Жаровня разгорелась, и Имярек Имярекович бросил на ее вогнутое дно крупный кусок светло-коричневого бирмита — янтарь зашипел, потек темный дым, и комната наполнилась исключительно резким, но приятным запахом.
— Бирманский? — осведомился гость, использовав ту интонацию, которая уже являет собой комплимент.
— Бирманский, бирманский, а то какой же! Из Верхней Бирмы, — комично затряс головой наставник. — Вот что, мил друг; хочу я тебе одну вещицу презентовать.
Имярек Имярекович поднялся из кресла, прошел к невысокому коренастому шкапу, щедро инкрустированному янтарем. Из шкапа он достал наборную янтарную трость, в ручке которой, выточенной из почти прозрачного, едва желтоватого, камня, изогнулась в неестественной позе прапрапрабабушка современных ящериц.

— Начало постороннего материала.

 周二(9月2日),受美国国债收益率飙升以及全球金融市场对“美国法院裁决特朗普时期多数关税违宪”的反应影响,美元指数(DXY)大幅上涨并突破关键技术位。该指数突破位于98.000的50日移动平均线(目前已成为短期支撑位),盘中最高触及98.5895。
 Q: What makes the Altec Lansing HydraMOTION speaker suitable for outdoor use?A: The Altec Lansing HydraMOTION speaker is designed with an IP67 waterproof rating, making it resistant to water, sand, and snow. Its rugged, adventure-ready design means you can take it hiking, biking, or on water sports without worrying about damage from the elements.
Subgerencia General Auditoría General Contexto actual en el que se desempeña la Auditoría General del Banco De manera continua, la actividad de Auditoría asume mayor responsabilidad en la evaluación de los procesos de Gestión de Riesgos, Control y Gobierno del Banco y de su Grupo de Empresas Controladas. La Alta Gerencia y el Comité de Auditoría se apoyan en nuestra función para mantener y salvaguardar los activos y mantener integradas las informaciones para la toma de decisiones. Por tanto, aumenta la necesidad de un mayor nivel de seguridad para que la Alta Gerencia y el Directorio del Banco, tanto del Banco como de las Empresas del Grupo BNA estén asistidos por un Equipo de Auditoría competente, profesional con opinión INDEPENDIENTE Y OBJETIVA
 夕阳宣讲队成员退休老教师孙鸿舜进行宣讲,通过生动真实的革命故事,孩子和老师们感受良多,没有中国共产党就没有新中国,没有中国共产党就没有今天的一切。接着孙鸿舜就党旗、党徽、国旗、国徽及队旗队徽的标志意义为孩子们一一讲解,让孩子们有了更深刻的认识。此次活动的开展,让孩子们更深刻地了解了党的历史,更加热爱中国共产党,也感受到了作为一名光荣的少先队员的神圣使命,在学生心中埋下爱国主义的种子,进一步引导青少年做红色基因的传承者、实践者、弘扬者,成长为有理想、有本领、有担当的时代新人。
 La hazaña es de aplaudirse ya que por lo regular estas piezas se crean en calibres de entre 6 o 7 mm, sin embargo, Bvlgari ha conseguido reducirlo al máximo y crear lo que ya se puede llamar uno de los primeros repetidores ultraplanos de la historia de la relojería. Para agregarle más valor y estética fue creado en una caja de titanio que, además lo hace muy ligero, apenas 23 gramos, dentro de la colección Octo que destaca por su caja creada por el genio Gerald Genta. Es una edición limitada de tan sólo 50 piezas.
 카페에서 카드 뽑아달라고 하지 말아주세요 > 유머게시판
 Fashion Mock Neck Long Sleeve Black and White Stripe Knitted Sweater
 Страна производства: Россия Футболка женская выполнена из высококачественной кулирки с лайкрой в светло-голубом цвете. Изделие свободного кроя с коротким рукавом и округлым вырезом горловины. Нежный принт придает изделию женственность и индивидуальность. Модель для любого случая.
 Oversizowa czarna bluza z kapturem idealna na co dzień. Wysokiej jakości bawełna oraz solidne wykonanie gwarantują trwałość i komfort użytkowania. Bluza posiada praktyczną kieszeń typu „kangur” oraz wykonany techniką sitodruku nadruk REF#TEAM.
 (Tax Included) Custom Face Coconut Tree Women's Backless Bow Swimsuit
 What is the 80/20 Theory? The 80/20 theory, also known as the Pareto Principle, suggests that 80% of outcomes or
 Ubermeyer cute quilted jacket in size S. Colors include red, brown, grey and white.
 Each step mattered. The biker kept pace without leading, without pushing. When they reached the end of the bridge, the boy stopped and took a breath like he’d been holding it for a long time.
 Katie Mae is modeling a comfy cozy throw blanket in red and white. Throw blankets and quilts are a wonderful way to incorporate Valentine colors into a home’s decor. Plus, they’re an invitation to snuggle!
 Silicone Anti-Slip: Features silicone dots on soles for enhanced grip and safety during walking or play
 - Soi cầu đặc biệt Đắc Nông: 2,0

— Я не могу… — весьма естественно смутился молодой человек. — И потом, особую ценность эта вещь имеет в контексте прочих.
— Артистичен. Обаятелен, — хитро сощурился хозяин. — Только, поверь, в расчетливости, прозорливости и мне не отказать. Все это скорее всего достанется тебе. Так что не манерничай. Бери.
— Спасибо, конечно…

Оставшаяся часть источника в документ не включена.